WORK TO BE COMPLETED | Retype, exactly and completely, the listing that comes next, skipping its images.

DATASET EXTRACT |
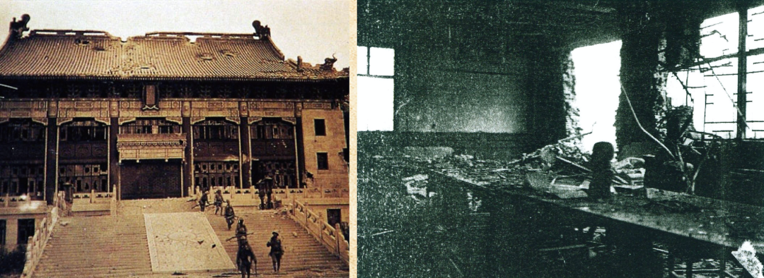 1937年8月,战火弥漫。在那段岁月里,绿瓦大楼被轰炸、被占领,饱受凌辱——大楼北侧孙中山铜像被推倒;墙壁上被日本侵略者写下了“占领”字样;东侧门楣上的石雕被切割下来运至日本,成为宫崎县一座所谓“和平塔”的一块基石......
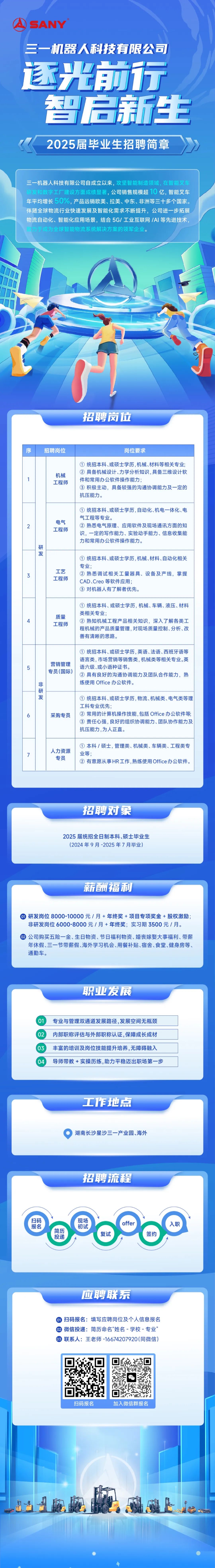 三一機器人科技有限公司在三一集團大力實施智能制造及數(shù)字化轉(zhuǎn)型升級的背暴下,由三一集團與三一重型裝備有限公司共同出資成立,是集團智能制造及數(shù)字化轉(zhuǎn)型發(fā)展的推進器。三一機器人主導建成了全球重工行業(yè)僅有的2座燈塔工廠(北京樁機工廠及湖南長沙18號工廠)及44個“燈塔工廠級”智能工廠和產(chǎn)線。公司秉承“智能制造先驅(qū)”的偉大使命,立志成為全球智能制造服務(wù)領(lǐng)軍企業(yè),傳承三一集團以“研發(fā)、制造、服務(wù)”為核心競爭力的經(jīng)營理念,結(jié)合5G/工業(yè)互聯(lián)網(wǎng)/AI等先進技術(shù),打造三大業(yè)務(wù)板塊一一智慧倉儲物流(立庫、AGV)、智能產(chǎn)線(機器人系統(tǒng)集成)、智能叉車(鋰電叉車)絕對競爭力產(chǎn)品,滿足集團內(nèi)部需求的同時,全面賦能工程機械、新能源、鋼結(jié)構(gòu)、化工化纖、酒水飲料、軌道交通等行業(yè)。
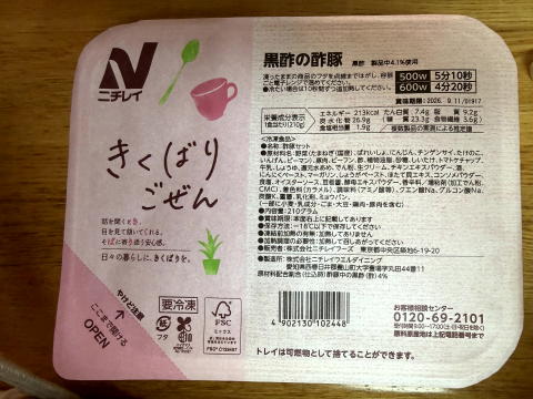 夜は、ニチレイフーズダイレクトの健康管理食(黒酢の酢豚)、海苔わさびふりかけでした。
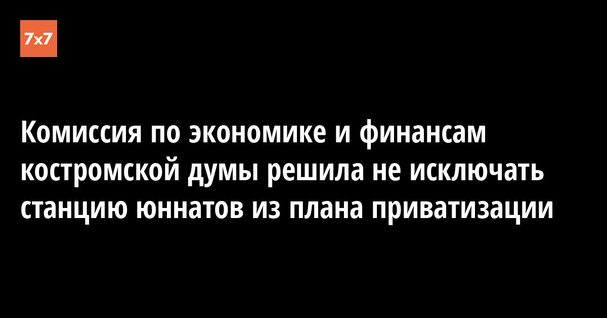 Члены комиссии по экономике и финансам думы Костромы рассмотрели предложение депутата Александра Соколова и решили не исключать из плана приватизации муниципального имущества на этот год бывшую станцию юннатов на ул. Мясницкой, 19а, сообщил 19 сентября корреспондент «7х7».
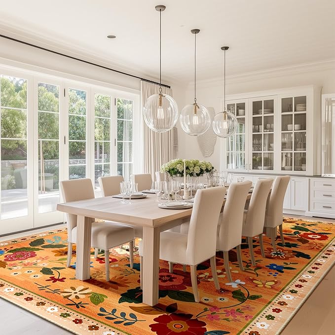 Floral 5x7 Area Rug Machine Washable Soft Print Boho Carpet Non Slip Doormat Low Pile Flower Area Rugs for Living Room Bedroom Nursery Kitchen Dining Room Indoor-Yellow/Orange
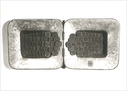 Schwarzes Steinzeug, Bildstock in Negativform gedrückt, montiert, glasiert; Innenleben aus Modeln gewonnen, montiert, nach dem Brand eingesetzt, unglasiert; 1215 °C
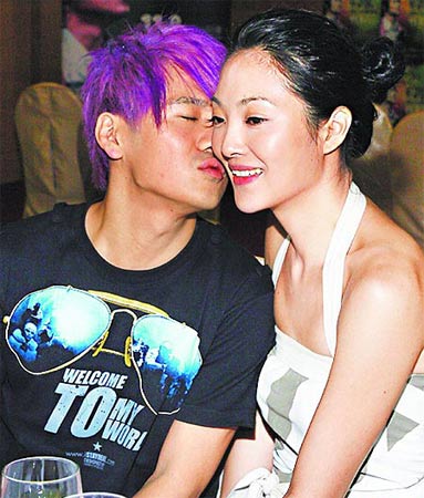 曹格(左)上月臺(tái)北演唱會(huì)結(jié)束慶功,親吻妻子吳速玲。

RESPONSE AREA |
 1937年8月,战火弥漫。在那段岁月里,绿瓦大楼被轰炸、被占领,饱受凌辱——大楼北侧孙中山铜像被推倒;墙壁上被日本侵略者写下了“占领”字样;东侧门楣上的石雕被切割下来运至日本,成为宫崎县一座所谓“和平塔”的一块基石......
 三一機器人科技有限公司在三一集團大力實施智能制造及數(shù)字化轉(zhuǎn)型升級的背暴下,由三一集團與三一重型裝備有限公司共同出資成立,是集團智能制造及數(shù)字化轉(zhuǎn)型發(fā)展的推進器。三一機器人主導建成了全球重工行業(yè)僅有的2座燈塔工廠(北京樁機工廠及湖南長沙18號工廠)及44個“燈塔工廠級”智能工廠和產(chǎn)線。公司秉承“智能制造先驅(qū)”的偉大使命,立志成為全球智能制造服務(wù)領(lǐng)軍企業(yè),傳承三一集團以“研發(fā)、制造、服務(wù)”為核心競爭力的經(jīng)營理念,結(jié)合5G/工業(yè)互聯(lián)網(wǎng)/AI等先進技術(shù),打造三大業(yè)務(wù)板塊一一智慧倉儲物流(立庫、AGV)、智能產(chǎn)線(機器人系統(tǒng)集成)、智能叉車(鋰電叉車)絕對競爭力產(chǎn)品,滿足集團內(nèi)部需求的同時,全面賦能工程機械、新能源、鋼結(jié)構(gòu)、化工化纖、酒水飲料、軌道交通等行業(yè)。
 夜は、ニチレイフーズダイレクトの健康管理食(黒酢の酢豚)、海苔わさびふりかけでした。
 Члены комиссии по экономике и финансам думы Костромы рассмотрели предложение депутата Александра Соколова и решили не исключать из плана приватизации муниципального имущества на этот год бывшую станцию юннатов на ул. Мясницкой, 19а, сообщил 19 сентября корреспондент «7х7».
 Floral 5x7 Area Rug Machine Washable Soft Print Boho Carpet Non Slip Doormat Low Pile Flower Area Rugs for Living Room Bedroom Nursery Kitchen Dining Room Indoor-Yellow/Orange
 Schwarzes Steinzeug, Bildstock in Negativform gedrückt, montiert, glasiert; Innenleben aus Modeln gewonnen, montiert, nach dem Brand eingesetzt, unglasiert; 1215 °C
 曹格(左)上月臺(tái)北演唱會(huì)結(jié)束慶功,親吻妻子吳速玲。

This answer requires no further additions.